> _TASK BRIEF_: With the pictures left out, print exactly the lines below that run from the one containing "er-gk60-s503 - tondeuse" through the one containing "Conjunto plata: pendientes, anillo y collar".

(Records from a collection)
——————————
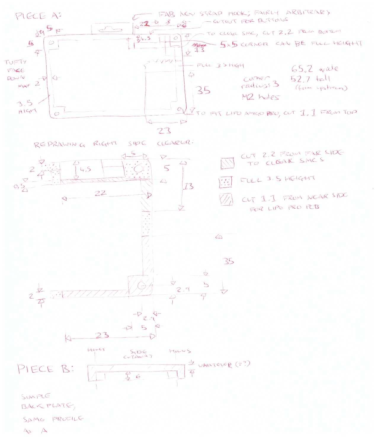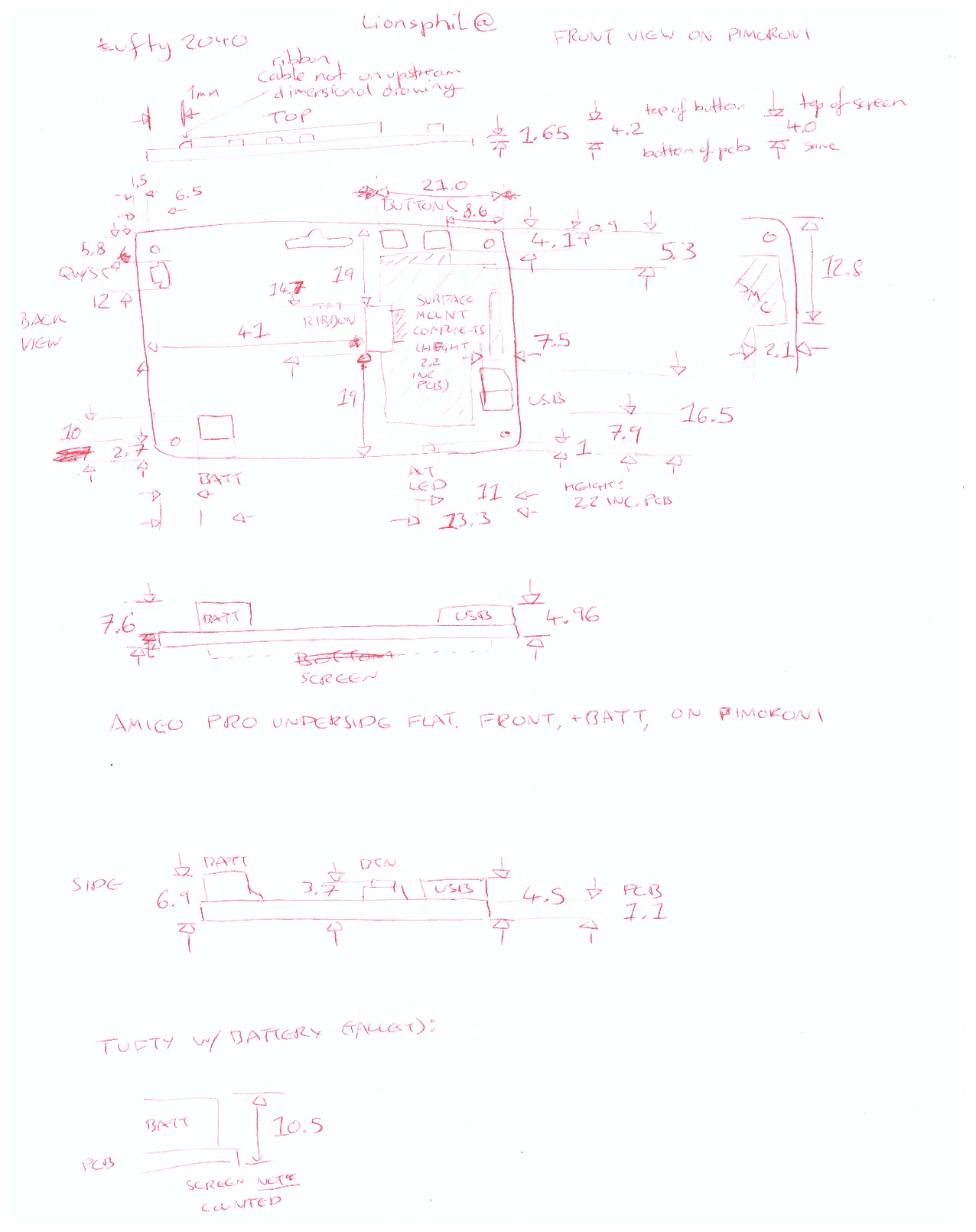 You can export from OnShape the sketches which are used to construct the modelled Tufty and Amigo PCBs (and battery), and the case, but these are not the complete model and are missing all the information on how they combine and are extruded/cut from each-other, so aren't great either. - Manual drawings: measurements, concept, design
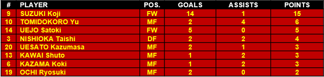 FC Ryukyu: #1 GK Dany Carvajal but no updates as to what is afflicting him. #13 MF Kawai Shuto didn’t feature at all last week and no updates. There are likely more but we have no idea.
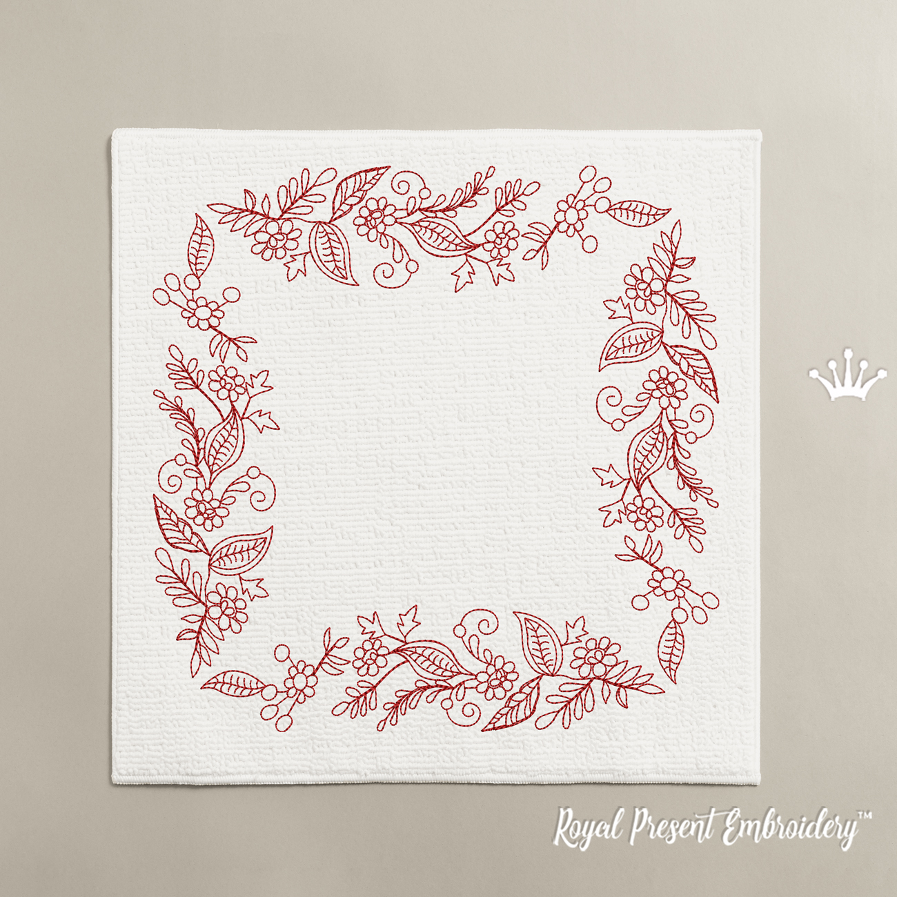Elevate your textile projects with the Red work leafy border machine embroidery design. This elegant motif features a continuous vine of leaves rendered in the classic red‑work style, offering a timeless, sophisticated look that blends well with vintage, Scandinavian, or minimalist décor. For a coordinated set, you might also explore the companion design in this series: the Red work floral corner design.
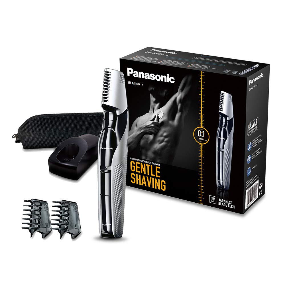 er-gk60-s503 - tondeuse corps étanche - La nouvelle tondeuse corps PANASONIC ER-GK60-S503 se présente sous une nouvelle forme totalement repensée et très facile à utiliser. Elle est particulièrement adaptée pour les zones difficiles à atteindre sans agresser la peau.Nouveau : la tondeuse est équipée de nouvelles lames aux bords arrondis et plus larges ce qui réduit considérablement la pression sur la peau. Aucun risque de coupure!La tondeuse ER-GK60 est dotée d?un peigne de 2 mm idéal pour les parties intimes ou sensibles. Tandis que les accessoires peigne de 3 et 6 mm permettent d?ajuster la hauteur selon l?envie pour le reste du corps.La nouvelle tondeuse GK60 préserve ainsi votre peau quelle que soit la zone traitée.
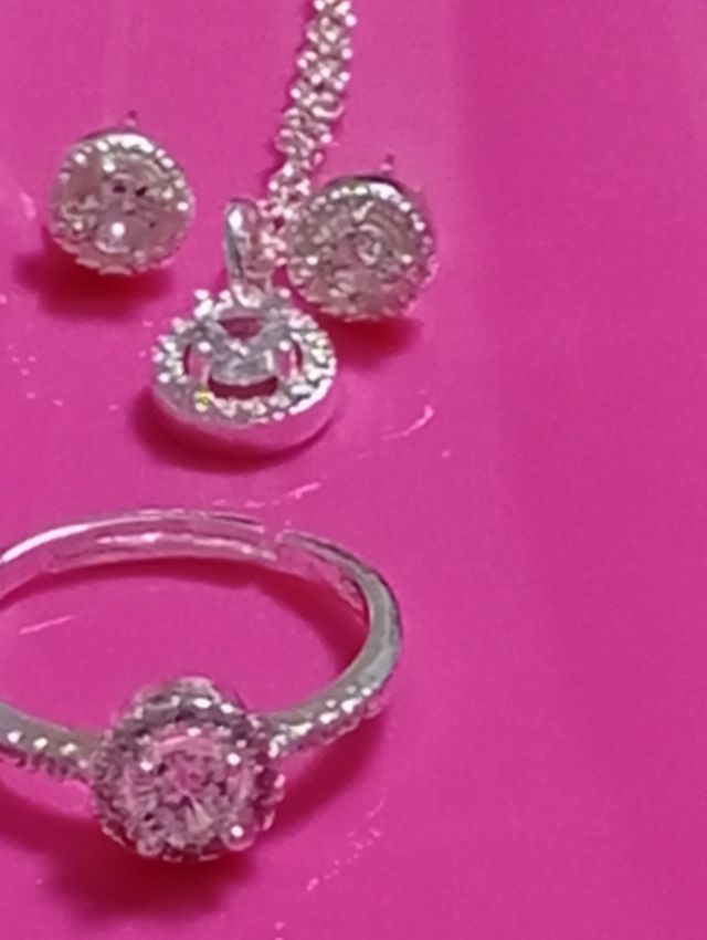 Conjunto plata: pendientes, anillo y collar
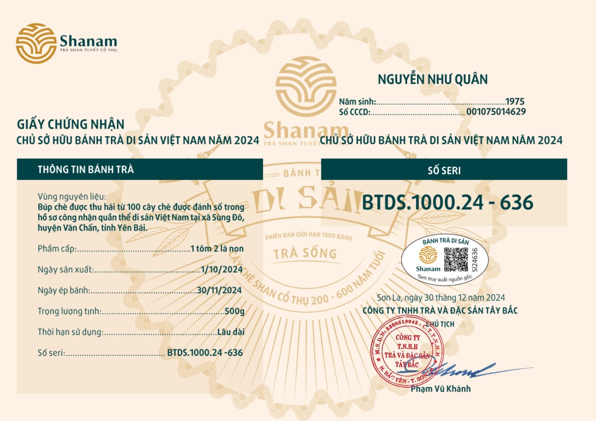 Bánh trà Di sản Việt Nam năm 2023 sản xuất số lượng giới hạn 500 bánh, được đánh mã số từng bánh trà theo thứ tự từ 1 – 500 và có chữ ký trực tiếp của người sáng lập thương hiệu trà Shanam Phạm Vũ Khánh trên từng bánh trà. Mỗi bánh trà có QR riêng truy suất về website www.shanam.com.vn chứng minh chủ sở hữu của bánh trà.
——————————
> _REPLY_:
 er-gk60-s503 - tondeuse corps étanche - La nouvelle tondeuse corps PANASONIC ER-GK60-S503 se présente sous une nouvelle forme totalement repensée et très facile à utiliser. Elle est particulièrement adaptée pour les zones difficiles à atteindre sans agresser la peau.Nouveau : la tondeuse est équipée de nouvelles lames aux bords arrondis et plus larges ce qui réduit considérablement la pression sur la peau. Aucun risque de coupure!La tondeuse ER-GK60 est dotée d?un peigne de 2 mm idéal pour les parties intimes ou sensibles. Tandis que les accessoires peigne de 3 et 6 mm permettent d?ajuster la hauteur selon l?envie pour le reste du corps.La nouvelle tondeuse GK60 préserve ainsi votre peau quelle que soit la zone traitée.
 Conjunto plata: pendientes, anillo y collar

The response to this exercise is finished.